Now it’s time to wait. Different types of beer call for the ferment to happen at specific temperatures; lagers need to be fermented cold (13 C or lower), while ales are best done warmer (19 C). In the winter this basically just means finding a cool dark place to stick the fermentor and letting it go. The more control you have over keeping the temperature steady, the better the beer will turn out.
In a day or so you’ll start seeing bubbling in the airlock. In two days the bubbling will be furious and you’ll notice a slight smell if you get close to the airlock. It’s not a bad smell at all, like a rising bread but sweeter. After three or four days the bubbling will slow down and eventually stop completely.
Give it another day or two once all bubbling has ceased, and you’re pretty much done your primary ferment. Take another hydrometer reading for your Final Gravity. You should have dropped to 1.010, give or take five points. (If you’re significantly higher, your yeast may not have finished doing the job. It’s time to search Google for remedies to a “stalled ferment”.) Plug the OG and FG into an ABV calculator like this one to get your final alcohol percentage. Yep, it’s that easy.
Right about now you actually have beer. Go on and have a sip. It’s not great, it still needs time to condition properly so it’s flat and yeasty, but this is when you start getting a sense of what your final beer might taste like.

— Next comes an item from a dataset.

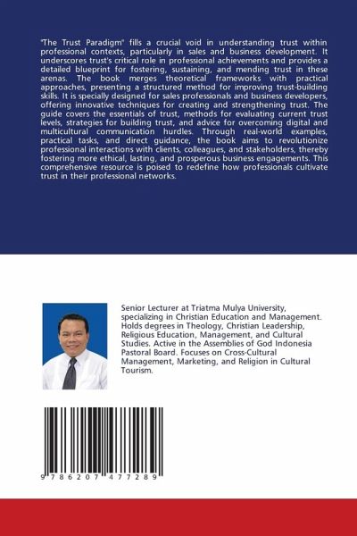 "The Trust Paradigm" fills a crucial void in understanding trust within professional contexts, particularly in sales and business development. It underscores trust's critical role in professional achievements and provides a detailed blueprint for fostering, sustaining, and mending trust in these arenas. The book merges theoretical frameworks with practical approaches, presenting a structured method for improving trust-building skills. It is specially designed for sales professionals and business developers, offering innovative techniques for creating and strengthening trust. The guide covers the essentials of trust, methods for evaluating current trust levels, strategies for building trust, and advice for overcoming digital and multicultural communication hurdles. Through real-world examples, practical tasks, and direct guidance, the book aims to revolutionize professional interactions with clients, colleagues, and stakeholders, thereby fostering more ethical, lasting, and prosperous business engagements. This comprehensive resource is poised to redefine how professionals cultivate trust in their professional networks.

Secondary Fermentation (2 weeks of waiting)
This is when you can transfer your beer from your primary fermenter to a secondary. It’s not essential to do this, you can leave your beer in the primary too.
If you decide to transfer, move your primary to a counter or raised position (it helps to raise it a day before and give the yeast a chance to settle) and stick one end of the syphon into the beer, with the other all the way to the bottom of your secondary fermenter down below.

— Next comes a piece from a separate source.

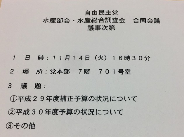 自民党 水産部会・水産総合調査会 合同会議 ※水産総合調査会 副会長

Get the syphon going and make sure the exiting beer is under the rising surface at all times and slow down the flow if it starts bubbling or splashing. Eventually the level in the primary will get near the bottom; carefully tilt one edge up to try and get as much beer as possible, while leaving behind the yeast cake at the bottom.
If your recipe calls for dry hopping, this is when you’d add them. Tie them up in a sanitized bag if you have one, or just dump them straight in if you don’t. Either way, pop on the airlock and then let the secondary sit for a couple of weeks.
Bottling / Kegging (2hrs + 2 weeks of waiting)
At last, it’s time to move from fermentation to the final product. I don’t have the room to store a keg so I can’t tell you much about that; from what I gather it’s a darn sight easier than bottling. But bottling is more accessible because your empties pile will do fine after a bit of scrubbing.
The key is non-twist off bottles. The larger the better since you don’t have to fill as many. If you have a growler or two on hand, or any of those one litre Howe Sound swing-top bottles, they’re gold because they make capping easier.
The first step to bottling is another transfer; just like the move from primary to secondary, you want to transfer from your secondary to a bottling bucket (which can easily be the same one you used for your primary) in order to leave behind any residual yeast and hops. At this point you add some priming sugar to provide the yeast food for building up carbonation in the bottle; different types of beer call for different amounts, but the safe rule of thumb is 3/4 of a cup of dextrose is good enough for a 5 gallon batch.
From the bottling bucket, start the syphon again but clamp it off once the beer is flowing, and get a bottle under it. Open it up, fill the bottle carefully to avoid bubbling and aeration, and then cap it.
Capping requires fresh caps from the homebrew store and a special device, either a hand-held lever capper that takes a bit of elbow grease, or a sturdier bench capper that’s more expensive but more effortless and precise. Pop on the cap, seal, set the bottle aside, and keep moving down the line till you’re out of beer.
Then here comes the tricky part: you have to wait. Put the bottles in a darker place at room temperature, and give them two weeks or so for the carbonation to build up. You’ll inevitably crack and drink a few in the meantime, but the ones that are stored longer will condition more and produce better carbonation. I’ve found the trick is to have an old batch still around while you wait for the new one to finish.
And there you have it. Your own beer!
Posted on December 19th, 2010
Ben Garfinkel says:
Wow, Dave. You make me want to go brew my own! Then again, maybe I’d rather just drink yours! When do we get to sample some?
Posted on December 25th, 2010
Mark Busse says:
Holy cow. This is amazing. I can’t wait to try your beer Dave. And I’m looking forward to “Part 2”!